Buktikan Cintamu Kepada Rarulullah ﷺ …!

Oleh: Syamil Robbani  (Samuelrebban@gmail.com)

Antusiasme kaum muslimin di Indonesia khususnya dalam menyambut bulan Rabiul Awwal sangatlah luar biasa, gelora semangat yang patut diapresiasi dengan menyelenggarakan berbagai kegiatan. Semoga semangat ini juga bisa dijaga pada bulan-bulan berikutnya. karena nyatanya mencintai Rasulullah ﷺ tidak sebatas pada bulan ini saja, lebih dari itu kecintaan kita kepada Rasulullah ﷺ  tidak lah berbatas waktu, Tapi seumur hidup. Dan yang terpenting adalah pembuktian cinta kita semua kepada Baginda Rasul ﷺ . Bukaankah cinta butuh pembuktian? Terkadang kita mengaku sebagai orang yang paling cinta kepada Rasulullah ﷺ, tapi ternyata itu hanyalah sekedar klaim belaka. Mengapa? Karena itu hanya sekedar diujung lisan. Maka berhati-hatilah, sebab cinta itu butuh pembuktian.

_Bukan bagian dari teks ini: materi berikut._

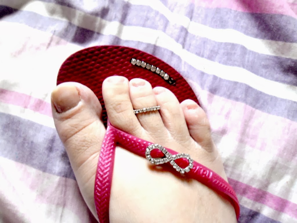Não reparem meus pés não estão feitos nessas fotos...Só queria mostrar pra vocês que fofo meu novo anel de dedo de pé...e olha como ficou luxuoso com meu chinelinho em strass...

Bulan Rabi’ul awwal adalah bulan ketiga dari bulan hijriyyah. Yaitu bulan yang dipenuhi dengan berbagai keutamaan dan barakah. Karena pada bulan ini lahir seorang manusia terbaik, penutup para Nabi dan Rasul, kekasih sekaligus teladan kita semua yaitu Nabi Muhammad ﷺ . Beliau Allah kirim sebagai Rahmatan lil Alamin, juru penyelamat manusia dari kegelapan menuju cahaya terang benerang. Maka seluruh keutamaan, keistimewaan serta barakah bulan ini erat kaitannya dengan keberkahan atas lahirnya Sayyidul Anam.

Sebagaimana yang dikatakan oleh Imam Zakariya bin Mahmud Al-Qazwini Rahimahullah tentang bulan Rabiul Awwal;

هو شهر مبارك فتح الله فيه الخيرات والسعادات على العالمين بوجود سيد المرسلين ﷺ.

“Rabiul Awwal adalah bulan yang diberkahi, pada bulan ini Allah bukaan pintu-pintu kebaikan dan kebahagiaan ke seluruh Alam karena hadirnya Sayyidil Mursalin Muhammad . “  (Ajaib Al-Makhluqat wa Al-Hayawanat wa Gharaib Al-Maujudat, Zakariya bin Muhammad bin Mahmud Al-Qazwini, 68)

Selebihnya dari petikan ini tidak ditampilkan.